The take‐home message here is that as with everything in data analysis, the question being asked is of paramount importance and is a direct consequence of the aim of the experiment.
Independent and paired data sets
I have used the term ‘independent’ on a few occasions so far, and it is a term that is often used in statistics (independent observations, independent groups, independent data), and so it is important that we understand the true meaning of this term.
Consider the situation where you are interested in the heights of female students compared with those of age‐matched male students (see Chapter 5, Tables 5.1 and 5.2 for example data). There is a clear distinction between these groups based on their gender, and so the groups of female and male students are clearly independent from each other as they contain different participants or subjects and consequently produce independent data sets. Similarly, if we compared the heights of male students when they started secondary school to a different group of students at university, then these groups would also be independent since they clearly contain different participants.
In contrast, a different situation arises where a group of male students had their heights measured both on starting secondary school and again when they started university. In this situation the heights of the same participants are examined but at different time points; in such circumstances the resulting data is said to be paired.
This distinction between independent and paired groups is important since, as we shall see later, it informs our decision on the inferential statistical tests subsequently used to analysis data.
Of course, some data measurements include both independent and paired data sets. Consider the situation where the heights of female and male students are measured when they start secondary school and again when they are at university. Such data will include independent groups (based on their gender) and paired data (based on the time at which the heights were measured).
In addition to these terms, statisticians also use the terms ‘Between’ and ‘Within’ to describe different variables and factors in an experiment. The term ‘Between group variable’ refers to clear differences between independent groups used in an experiment; in the examples above then gender is a Between‐Group Variable. In contrast, the term ‘Within group variable’ refers to experimental changes experienced by the same group of participants or subjects during the course of an experiment and always occurs as a function of time; in the examples above, then the time at which the height measurements were obtained is a Within‐Group Variable.
4 Data collection: sampling and populations, different types of data, data distributions
Sampling and populations
Whenever we perform an experiment, we obtain measurements according to our observations, and as described in earlier chapters our aim is to collect data in a precise and accurate manner. Statistics may be defined as the science of collecting, summarising, presenting, and interpreting such data. A collection of data on their own is not information, but a valid summary and description of that data set derive information by putting the data into context. Statistics therefore involves summarising a collection of data in a clear and understandable way such that our reader or audience may see clearly the similarity or differences between the groups in our experiment.

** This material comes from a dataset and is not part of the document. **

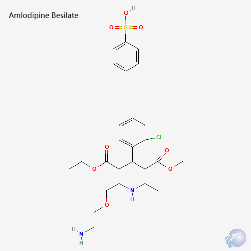 - Preferred IUPAC Name: Norvasc besilate/UK-48340-11/Amlodipine besilate (crystalline)/2-[(2-Aminoethoxy)methyl]-4-(2-chlorophenyl)-1,4-dihydro-6-methyl-3,5-pyridinedicarboxylic acid 3-ethyl 5-methyl ester benzenesulfonate

One very important issue we need to accept in statistics is that in almost all cases, we only work with samples taken from whole populations of subjects. Consequently, we are almost always faced with the situation in which we estimate population parameters from the samples we have obtained.
For example, suppose we wanted to determine the height of students at your university or institution. We would not be able to determine the height of every single student, so we would choose a ‘representative sample’ of students, measure their height, and then estimate the average height from these values.

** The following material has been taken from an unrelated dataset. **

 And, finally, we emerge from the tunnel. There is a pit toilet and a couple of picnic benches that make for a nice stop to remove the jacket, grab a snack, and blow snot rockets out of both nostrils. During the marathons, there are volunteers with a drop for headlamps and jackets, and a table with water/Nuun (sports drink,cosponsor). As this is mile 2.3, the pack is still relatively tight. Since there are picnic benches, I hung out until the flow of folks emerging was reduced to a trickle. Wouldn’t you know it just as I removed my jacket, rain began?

A statistical population, therefore, is the set of all possible values (our observations/measurements) that could possibly be measured.
A sample is the subset of the population for which we have a limited number of observations drawn at random from the population that will be used to describe the parent population (see Figure 4.1).

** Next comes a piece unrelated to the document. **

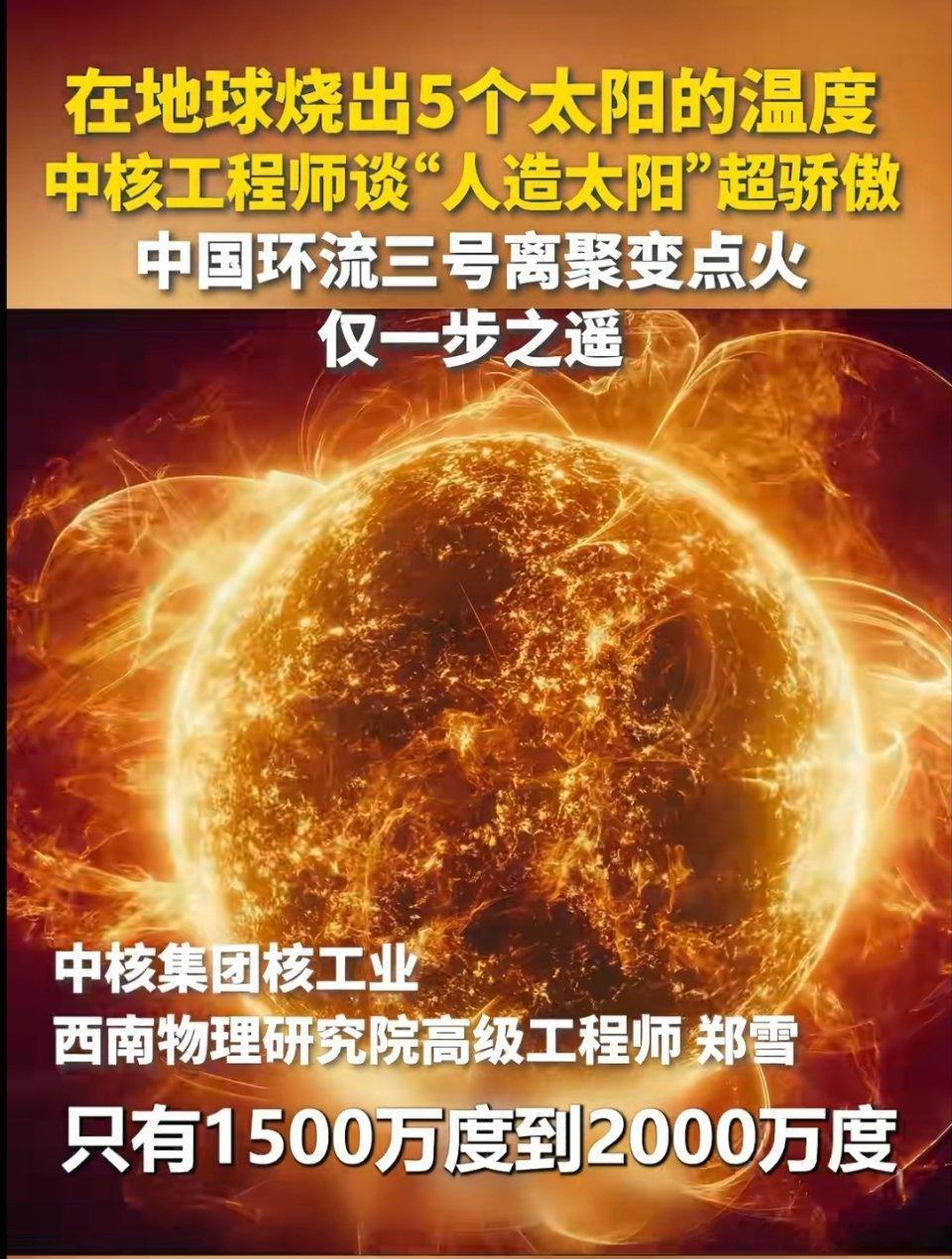 🔻太阳的核心温度只有1500万度到2000万度,而中国的人造太阳要在地球烧出五个太阳的温度!

Figure 4.1 A data sample is a random set of values drawn from the parent population.
By necessity this process involves the tacit assumption that the sample group is truly representative of the parent population. Furthermore, if we take a large number of samples from the population and divide those randomly into subgroups of equal size, then each subgroup should truly represent the parent population. Furthermore, if the last statement is true, then each subgroup should be equal to each other. In reality, of course, there will be some differences not only between the subgroups but also to the parent population, and it is determining the importance of those differences where we rely on statistical analysis.
The Central Limit Theorem
Luckily, however, the small differences that arise as a result of taking samples from a population are not a huge issue thanks to what is known as the Central Limit Theorem, which states that, given a large enough sample size, then the sampling distribution of the sample mean will approximate to a normal distribution regardless of the variable's distribution in the given population. I know I have not described or explained the nature of the normal distribution as yet (sorry!), but have a quick look at Figure 4.7 later in this chapter and compare the shape to the distributions of data sets shown in Figures 5.3 and 5.4 in Chapter 5; can you see the differences in shape?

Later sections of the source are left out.